No because it will have a remainder of 1
Is 15345 divisible by 1?
When you divide a number by 1, it remains the same. A number is considered divisible is the resulting answer is an integer with no remainder left over. Thus, if the starting number is an integer, it will be divisible by 1. 15345 is an integer, and thus is divisible by 1.
Is 234 divisible by 9?
Yes, 234 is divisible by 9 because on dividing 234 by 9 we get 26 as quotient and 0 as remainder. A number is divisible by another number if: 1- Quotient is a whole number 2- Remainder is zero
Why do prime numbers have a remainder of 1 or 5 when divided by 6?

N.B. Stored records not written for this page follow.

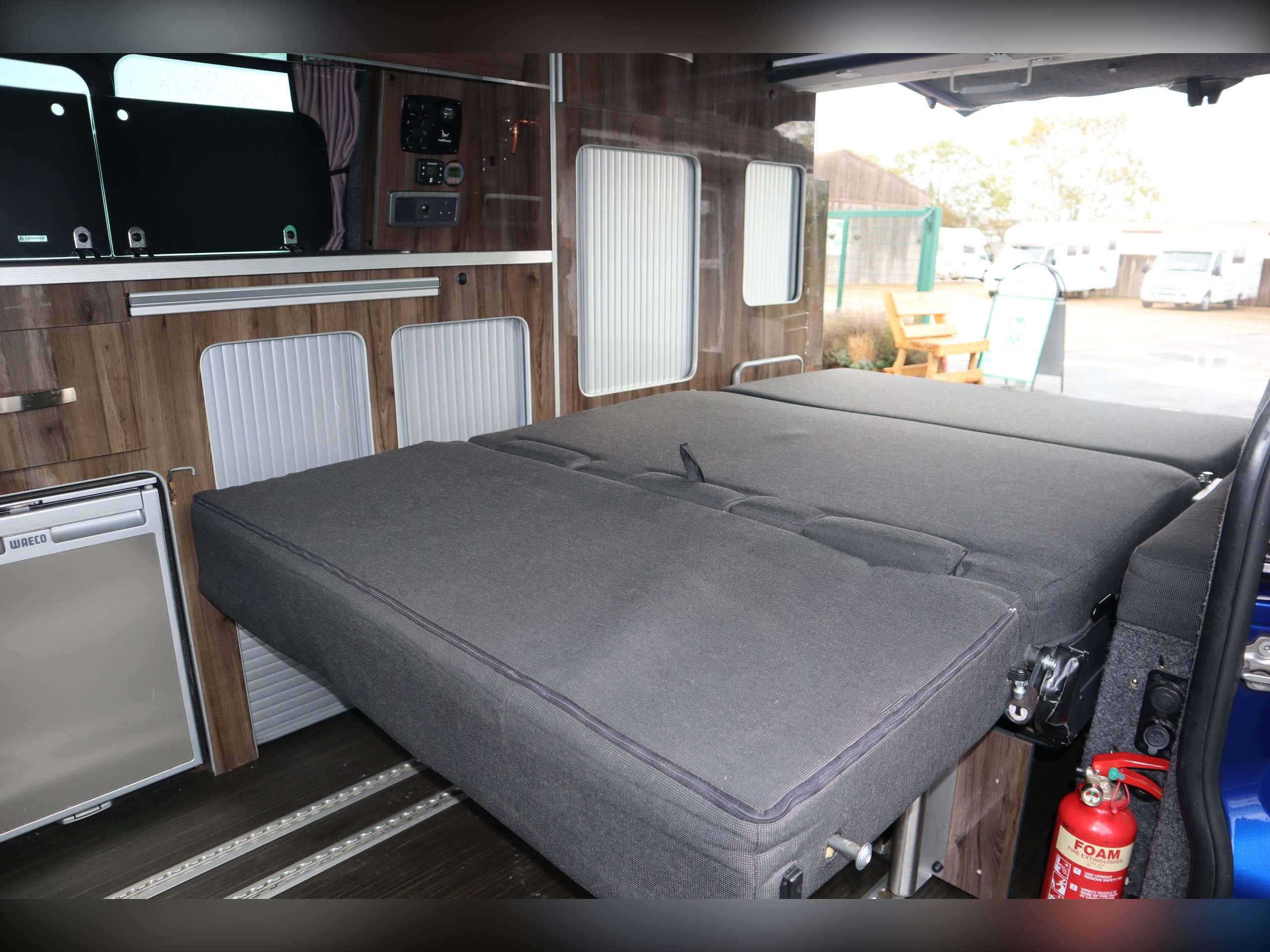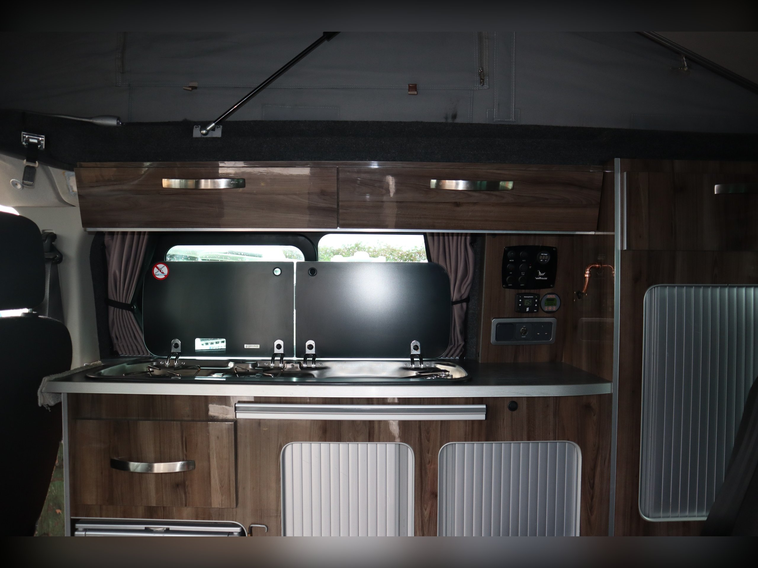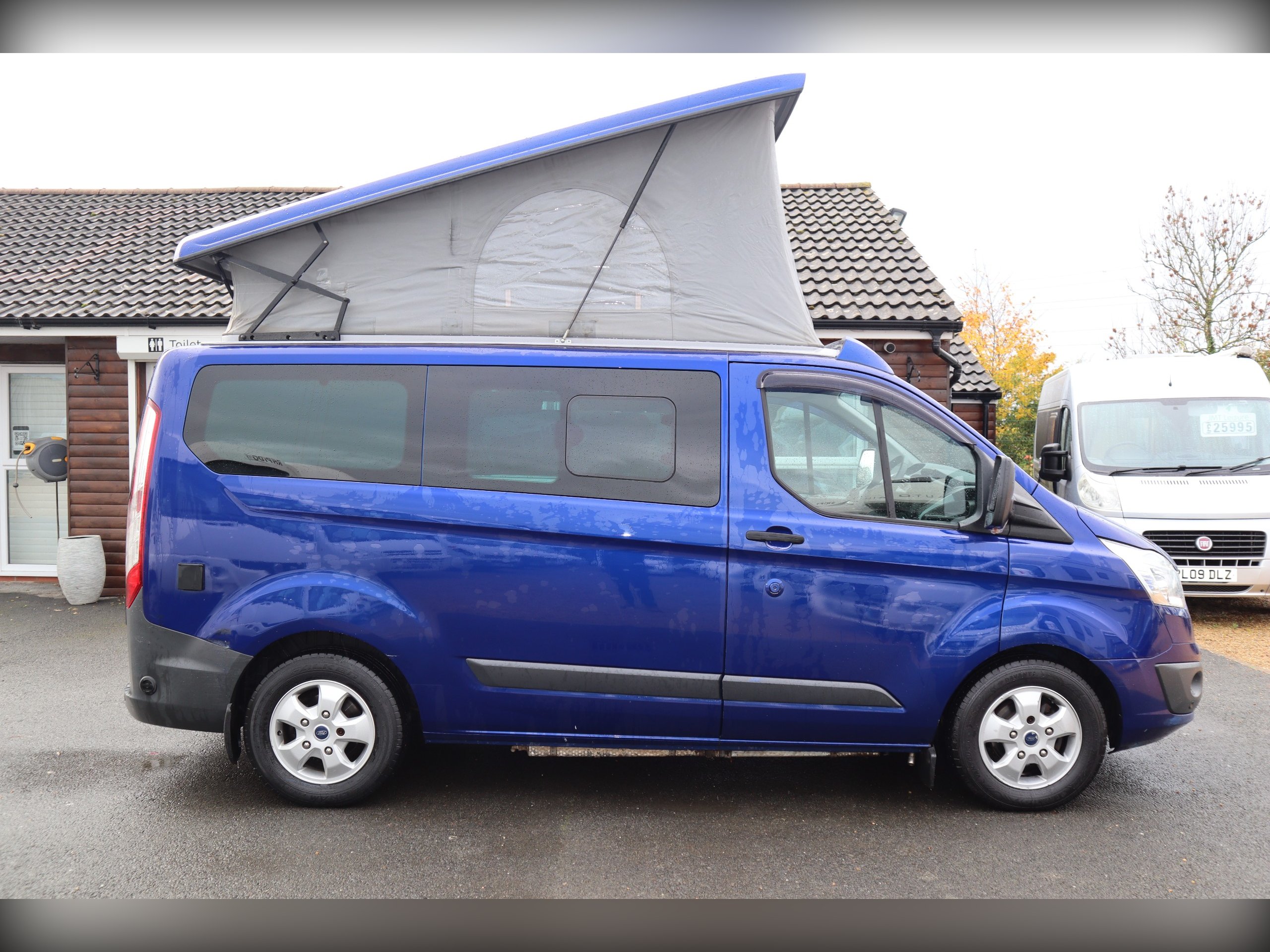 Wellhouse Leisure, Ford Transit Tourneo Custom Terrier. 4 Berth, 4 Belts, Pop top roof, RIB Bed, fridge, hob and sink, heating. 1 owner from new with full service history.
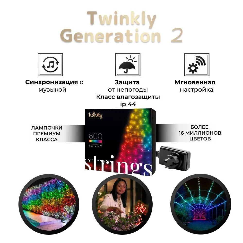 TWS600STP ― это одна из самых больших смарт-гирлянд от бренда Twinkly. Модель состоит из 600 светодиодов, а её освещаемая длина ― целых 48 метров. Управление гирляндой осуществляется только беспроводным образом, по Bluetooth или Wi-Fi.
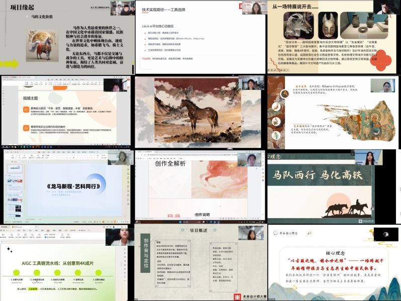 比赛采用线上答辩形式进行,分为职校组与本研组两个赛道。参赛团队围绕“生肖马”主题,运用Stable Diffusion等AIGC技术,对创作出的AIGC作品进行线上答辩。本次大赛不仅是一次技能竞技,更是数字艺术教育与产教融合成果的集中展示。通过以赛促学、以赛促创,有效推动了AIGC技术在安徽高校教学与实践中的落地,为培养新时代数字艺术与科技融合人才提供了重要平台。(撰稿:祝赫 摄影:钱振 初核:刘涛 编辑:陆璐 审定:刘长华)
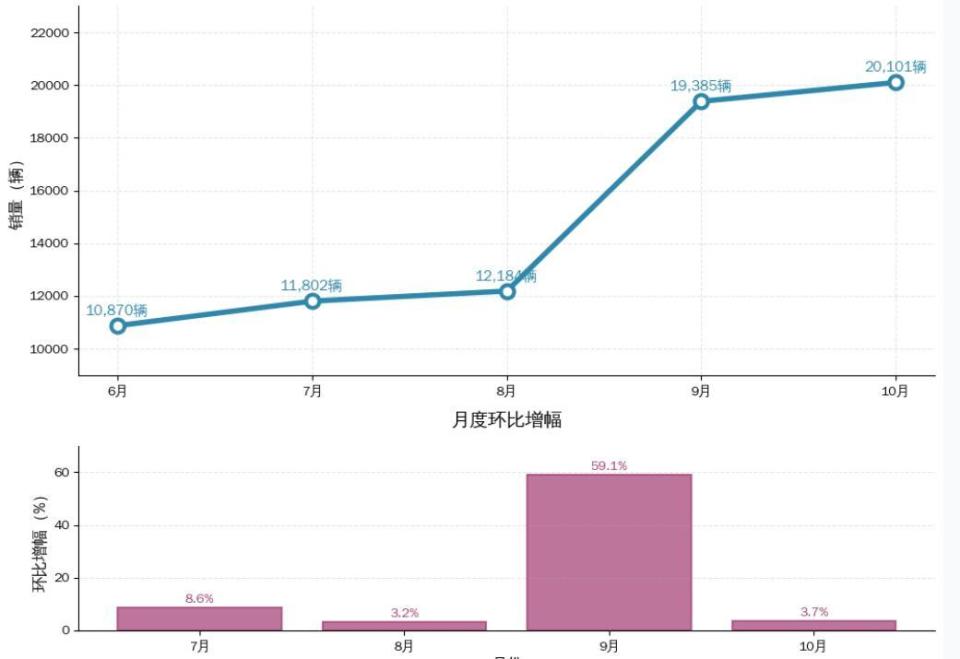 进入10月,深蓝S05在高基数之上再攀新高,全球销量突破2万辆大关,达到20101辆。从6月的1.09万辆到10月的2.01万辆,始终保持破万的稳定输出,这样的增长充分彰显了其作为销量担当的硬实力。
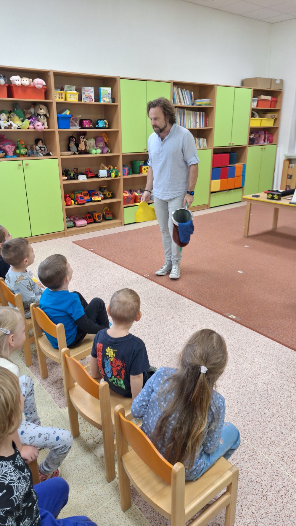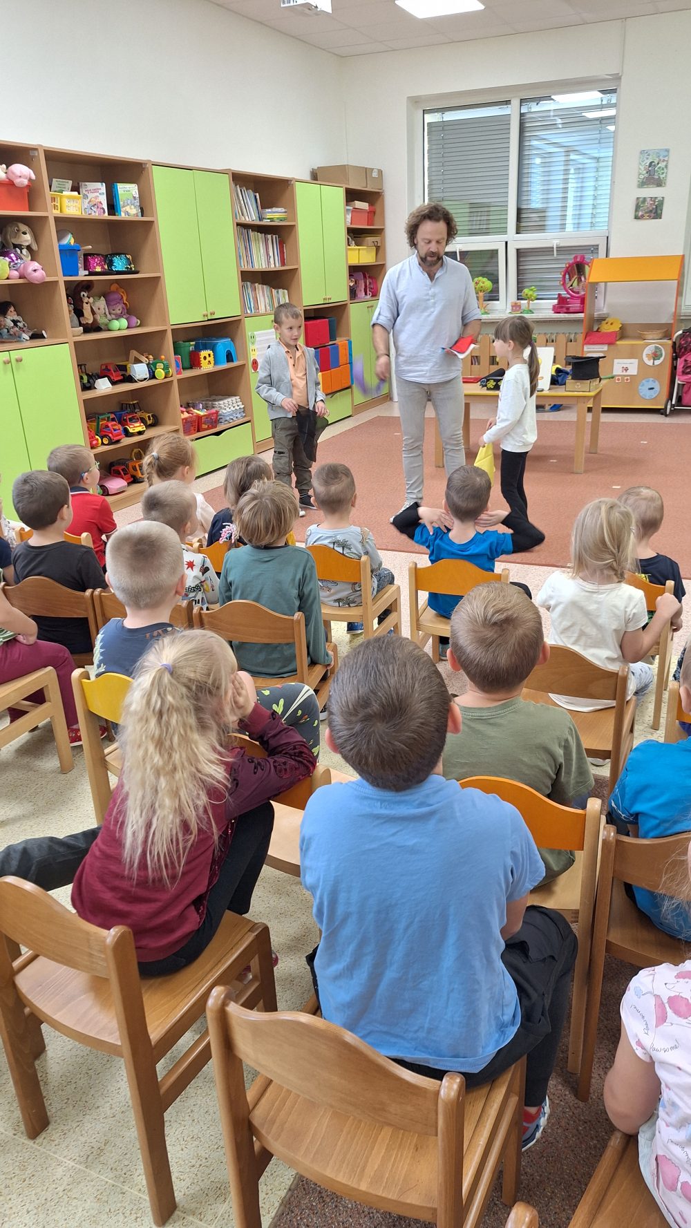 V pátek zavítal do naší školky kouzelník a herec, pan Tomáš Šulaj. Svým programem pobavil nejen třídu Sluníček a Motýlků, ale i prvňáčky. Do svých kouzel a zaklínadel zapojil také naše děti a na závěr je naučil trik s kouzelnickou hůlkou.

If the number has a remainder of 2 or 4 when divided by 6, it is an even number, so it is not prime number. 6n + 2 = 2 (3n + 1), so it is divisible by 2. 6n + 4 = 2 (3n + 2), so it is divisible by 2. If the number has a remainder of 3 when divided by 6, it is divisible by 3, so it is not a prime number. 6n + 3 = 3 (2n + 1), so it is divisible by 3. However, there are two prime numbers that do not have a remainder of 1 or 5 when divided by 6 : 2 and 3
What four digit number is divisible by 123456789 with a remainder of one?
A number divisible by 123456789 must be 0 or bigger than 123456789. It must, therefore have 1 digit or 9 digits (or more). A remainder of 1 makes no difference to the number of digits. In any case, there can be no number of 4 digits that is divisible by 123456789.
Is 382169 is it divisible by 8 and explain why?
No. All multiples of 8 are even (end in 2, 4, 6, 8 or 0) but 382169 is odd (ends in 1, 3, 5, 7 or 9) so it cannot be a multiple of 8 and thus cannot be divisible by 8. To test for any [even] number being divisible by 8 add the units digit to twice the tens digit to four times the hundreds digit; if this sum is divisible by 8, then so is the original number. If the test is repeated until a single digit remains, only if this digit is 8 is the original number divisible by 8, otherwise if it is 1-7 it gives the remainder when the original number is divided by 8 (if it is 9, the remainder is 1). For 382169 this gives 9 + 2x6 + 4x1 = 9 + 12 + 4 = 25. 25 is not divisible by 8, so 382169 is not divisible by 8. Using the test on 25 gives 5 + 2x2 + 4x0 = 9, again not divisible by 8 (remainder is 1).
Is 104 divisible by 9?
No. To check if a number is divisible by 9 add the digits together and if the sum is divisible by 9 then so is the original number. The check can be used on the sum so keep summing until a single digit remains. If this digit is 9, then the number is divisible by 9, otherwise it gives the remainder when the number is divided by 9. (This single digit is known as the digital root of the number.) 104 → 1 + 0 + 4 = 5 5 is not 9, so 104 is not divisible by 9; it has a remainder of 5 when divided by 9
What is special about the number 2520?
it's the smallest number divisible without remainder by the numbers 1 to 10.
What number when divided by 5 gives remainder of 3 ang divided by 7 gives remainder of 1?
8
753248 is divisible by 11?
Of course it is. Any number can be divided by another number (the result in this case is not an integer (whole number)) 753248 / 11 = 68477,0909... or 68477 1/11 (There is a remainder of 1) -------------------------------------------------------------------------------------------------------------- Given the nature of the question the answer is no - assuming that the definition of divisible is that no remainder is left.